• [About this task]: Reproduce each line below precisely. Drop the pictures.

• [Information shown]:
-- Opening Marker --

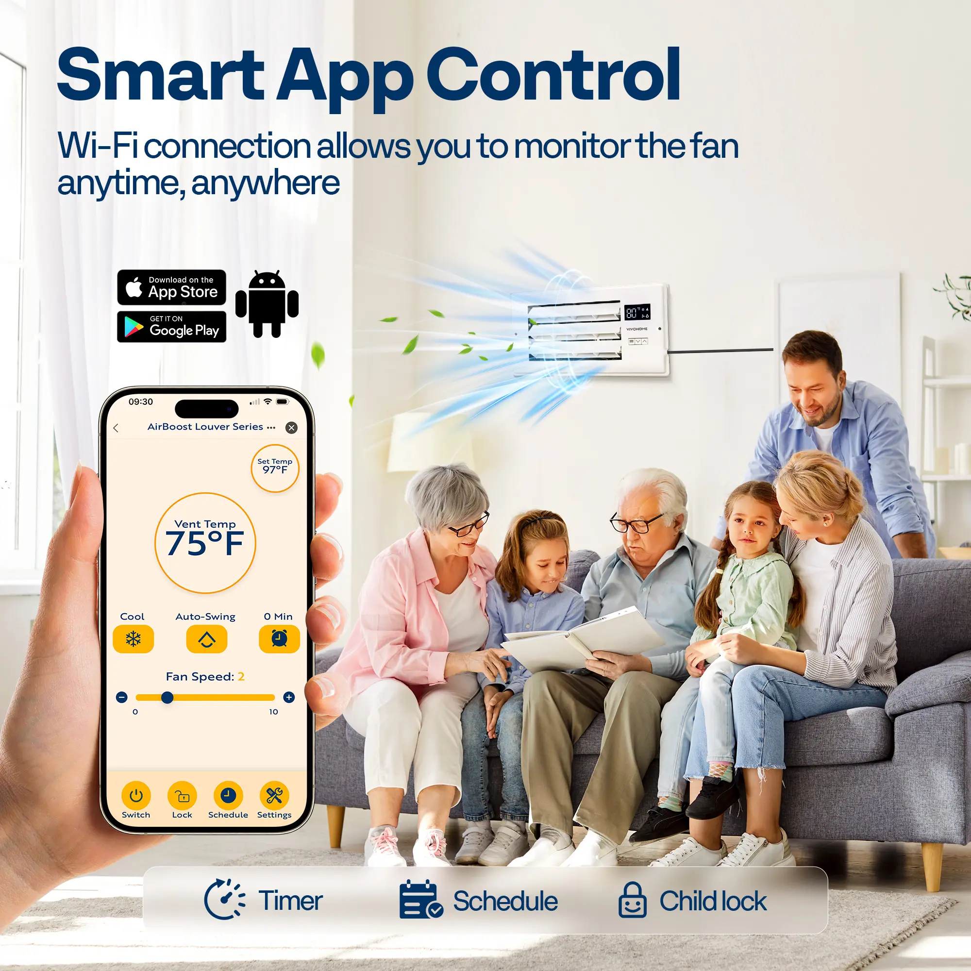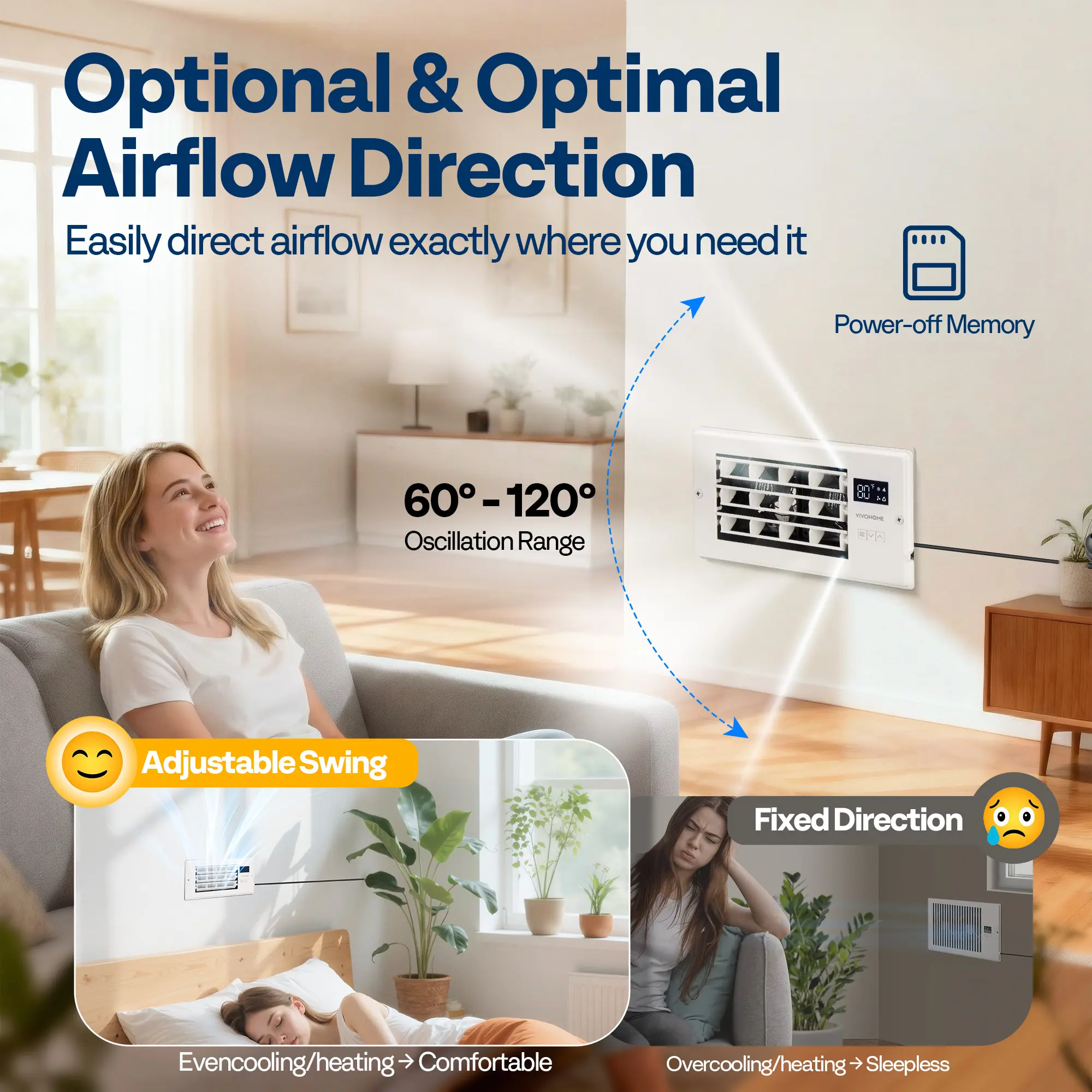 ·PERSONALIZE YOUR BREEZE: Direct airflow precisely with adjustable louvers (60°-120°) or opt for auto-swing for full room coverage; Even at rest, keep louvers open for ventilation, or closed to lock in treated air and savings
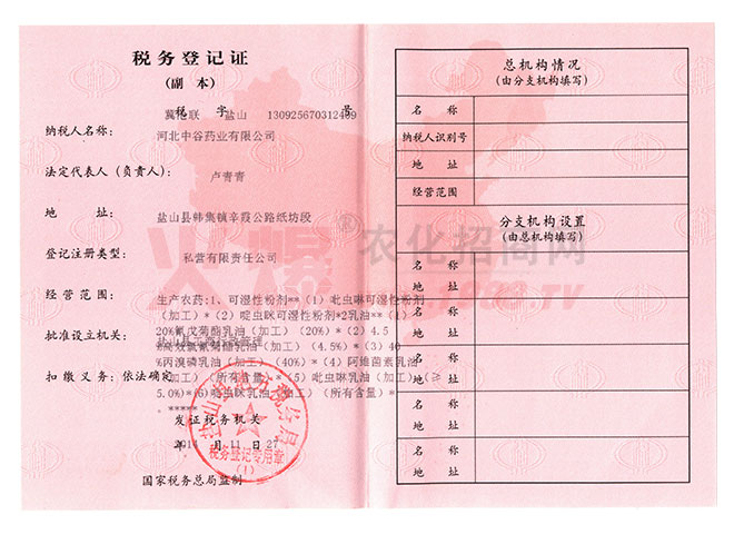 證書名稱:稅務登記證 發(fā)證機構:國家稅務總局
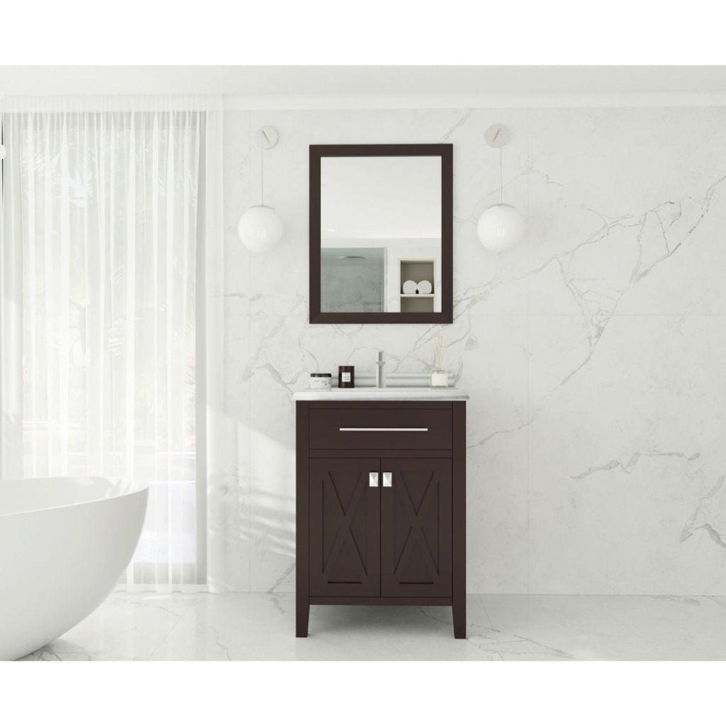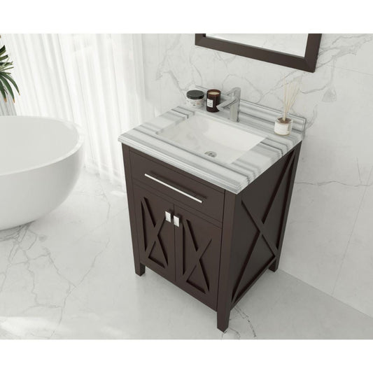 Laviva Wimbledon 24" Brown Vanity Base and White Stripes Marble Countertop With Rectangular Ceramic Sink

-- Closing Marker --

• [Expected answer]:
 ·PERSONALIZE YOUR BREEZE: Direct airflow precisely with adjustable louvers (60°-120°) or opt for auto-swing for full room coverage; Even at rest, keep louvers open for ventilation, or closed to lock in treated air and savings
 證書名稱:稅務登記證 發(fā)證機構:國家稅務總局
 Laviva Wimbledon 24" Brown Vanity Base and White Stripes Marble Countertop With Rectangular Ceramic Sink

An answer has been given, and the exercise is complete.